Rabai al-Madhoun wins International prize for Arabic fiction
Alison Flood
The Guardian
A novel exploring Palestinian life in exile and occupation that has been praised for inventing a “new fictional form” has won the $50,000 (£34,000) International prize for Arabic fiction.
Rabai al-Madhoun’s Destinies: Concerto of the Holocaust and the Nakba is written in four parts, each representing a concerto movement. The narrative spans the Holocaust, the Palestinian exodus from Israel in 1948, and the Palestinian right to return. Speaking for the prize’s judging panel, Emirati poet and academic Amina Thiban said it “invents a new fictional form in order to address the Palestinian issue, with questions of identity underpinned by a very human perspective on the struggle”.
“This tragic, polyphonic novel borrows the symbol of the concerto, with its different movements, to represent the multiplicity of destinies,” said Thiban. “Destinies can be considered the complete Palestinian novel, travelling back to a time before the Nakba in order to throw light on current difficulties faced by the Palestinian diaspora and the sense of displacement felt by those left behind.”
Al-Madhoun was born in Palestine, his family emigrating from Ashkelon to the Gaza Strip during the 1948 exodus. He went to Alexandria University, and later became a member of the Democratic Front for the Liberation of Palestine. He left activism for writing in 1980. Destinies is his third novel, and marks the first time a Palestinian writer has won the Arabic award, which has gone in the past to writers from Egypt, Saudi Arabia, Morocco, Lebanon, Kuwait, Iraq and Tunisia.
“As a Palestinian novelist, I was born and raised during ‘the catastrophe’ [Nakba] that spanned the period since before 1948 until now. Consequently, I never lived a normal life in my homeland. I have been, as a result, hugely concerned with the Palestinian cause,” said the author in a video interview provided by the prize. “Destinies is a novel that tackles the Palestinian exodus and follows the lives of those Palestinians who live in exile, as well as those who stayed and became citizens under the rule of the state of Israel. In general, the main theme of the novel is the diaspora and the possibilities of obtaining residency in Israel.”

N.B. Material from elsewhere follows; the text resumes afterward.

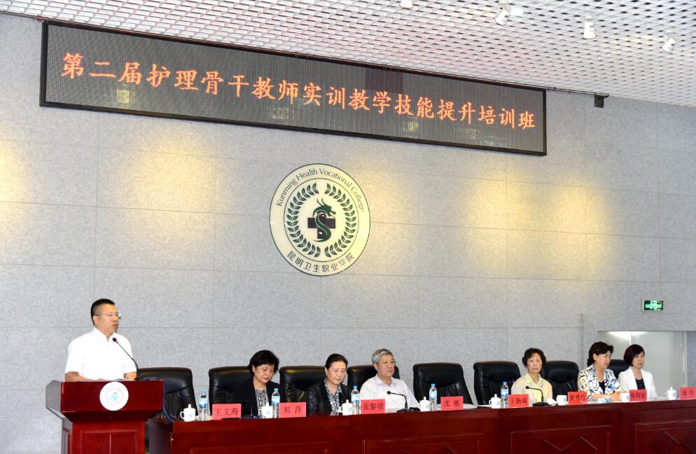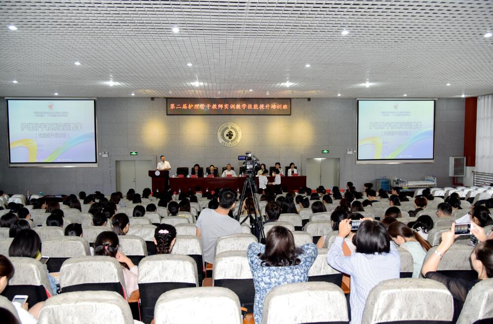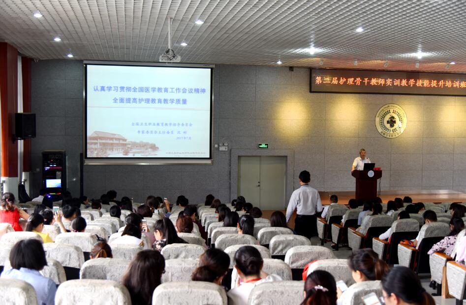 2017年7月28日,由中国职业技术教育学会卫生教育专业委员会“标准化病人”(SP)实践教学指导委员会主办,今年会官方网站承办的第二届护理骨干教师实训教学技能提升培训班开班典礼在学院综合楼学术报告厅举行。全国卫生职业教育教学指导委员会专家委员会主任委员、天津医学高等专科学校原校长沈彬教授,中国武警总医院原副院长、中职大赛总裁判长高职仲裁组长张利岩教授,中华护理学会原副理事长、高职大赛专家组长郑萍教授,中国人民解放军总医院主任护师、中国SP教指委主任委员张黎明教授,北京协和医学院护理学院基础护理学主任绳宇教授等专家教授出席并为培训班授课,来自全国26个省市93家院校近200名参培教师出席开班典礼。

Al-Madhoun, who is now a British citizen and works in London for Al-Sharq Al-Awsat newspaper, said he makes “a habit of leaving my stories open-ended, fundamentally due to the fact that reality has never provided answers or resolutions for our big questions – the crisis continues and the Palestinians are still fighting and struggling for their rights”.
The prize, sometimes referred to as “the Arabic Booker”, is backed by the Booker Prize Foundation in London and funded by the Abu Dhabi Tourism and Culture Authority in the UAE. Winners are guaranteed English translations, with 2011 winner Raja Alem’s novel The Dove’s Necklace out on 2 June this year, and Saud Alsanousi’s The Bamboo Stalk published last year.